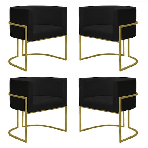 Kit 4 Poltronas Reforçadas Decorativa Sala Nayara Base Ferro Dourado Suede - Preto
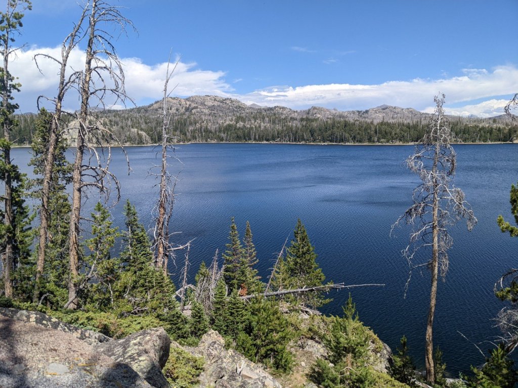 Thursday evening, my husband and I drove out to a trailhead in the Wind River Range and slept in my car. Friday morning we started our hike to a lake my friend had been talking about it. The mosquitos were absolutely horrible, so we doused ourselves in bug spray. It was also hot and dusty, so the six-mile hike up to the lake wasn’t the exactly awesome.
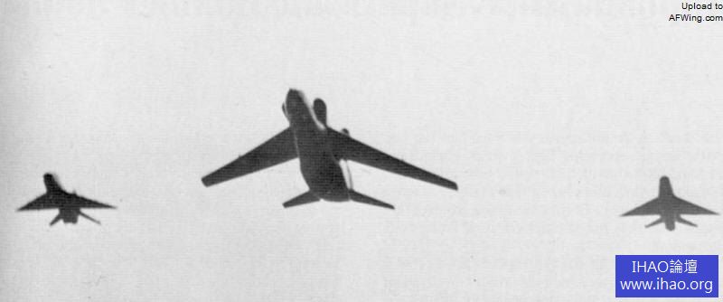 出現在1965年圖希諾航空節上的圖-98,旁邊兩架伴飛的是米格Ye-4 Ye-5驗證機
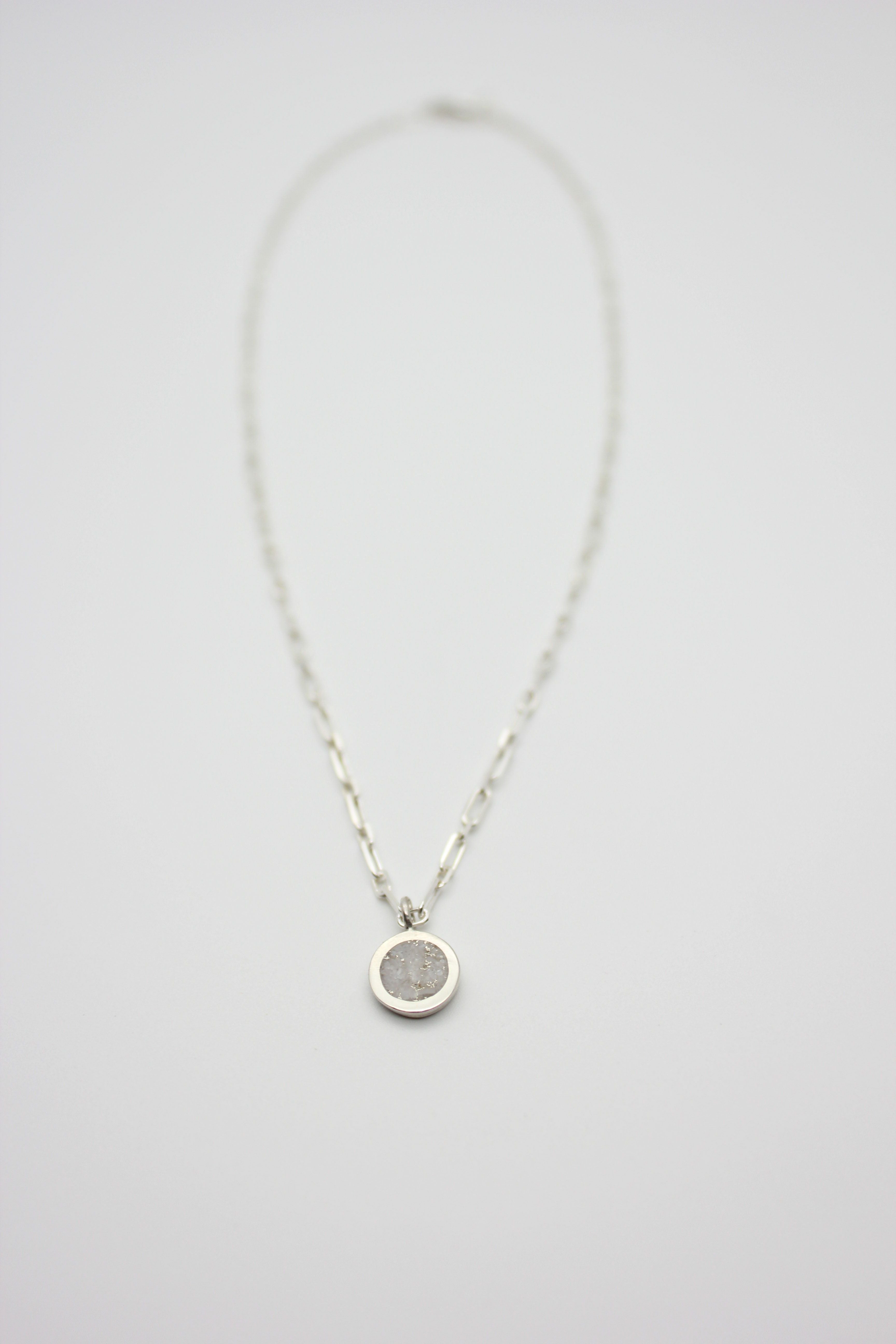 Pictured: Mother-of-pearl inlay with added silver flecks set into a polished sterling silver bezel on a polished chain.
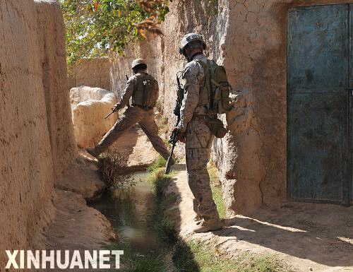 资料图片:11月3日,两名美军士兵在阿富汗西部法拉省的一处谷地巡逻。新华社发
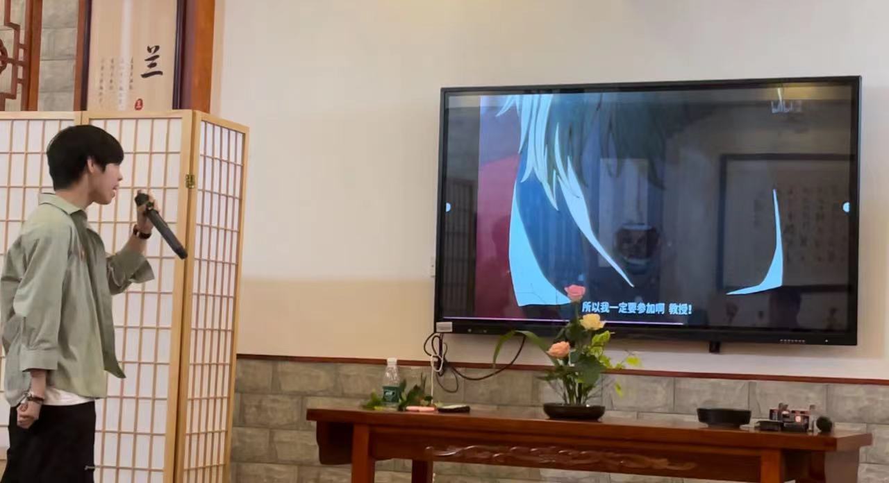 特邀嘉宾----海口旅游公司的三年级员工王荣凡,带来了日本配音作品《fate/strange fake》,感情充沛,同学们纷纷鼓掌赞叹。
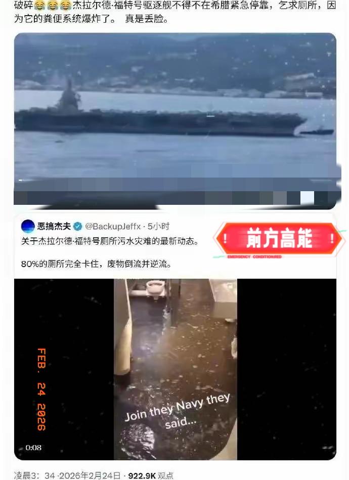 好家伙,一船的屎尿横流,这画面不敢想象,不忍直视。 破碎杰拉尔德·福特号航母不得不在希腊紧急停靠,乞求厕所,因为它的粪便系统爆炸了。 关于杰拉尔德·福特号厕所污水灾难的最新动态:80%的厕所完全卡住,废物倒流并逆流。 造价上千亿的顶级核动力航母,没被对手难住,反倒被马桶彻底干趴,说出去都让人笑掉大牙。号称全球最强的海上巨兽,连最基础的排污系统都搞不定,还谈什么威慑力,简直是大型翻车现场。 高科技堆得再多,基础保障拉胯照样没用,这波操作直接把所谓的先进光环摔得稀碎。几千名舰员在臭气里排队等厕所,连基本生活都成问题,战斗力更是无从谈起。 花大价钱搞面子工程,里子却一塌糊涂,这样的“最强”实在太讽刺。你觉得这是意外,还是装备管理本身就有问题?
• • • • •
The reply should hold an exact repeat of the entries from their opening line through the line with "特邀嘉宾----海口旅游公司", and no pictures at all.

 Kit 4 Poltronas Reforçadas Decorativa Sala Nayara Base Ferro Dourado Suede - Preto
 Thursday evening, my husband and I drove out to a trailhead in the Wind River Range and slept in my car. Friday morning we started our hike to a lake my friend had been talking about it. The mosquitos were absolutely horrible, so we doused ourselves in bug spray. It was also hot and dusty, so the six-mile hike up to the lake wasn’t the exactly awesome.
 出現在1965年圖希諾航空節上的圖-98,旁邊兩架伴飛的是米格Ye-4 Ye-5驗證機
 Pictured: Mother-of-pearl inlay with added silver flecks set into a polished sterling silver bezel on a polished chain.
 资料图片:11月3日,两名美军士兵在阿富汗西部法拉省的一处谷地巡逻。新华社发
 特邀嘉宾----海口旅游公司的三年级员工王荣凡,带来了日本配音作品《fate/strange fake》,感情充沛,同学们纷纷鼓掌赞叹。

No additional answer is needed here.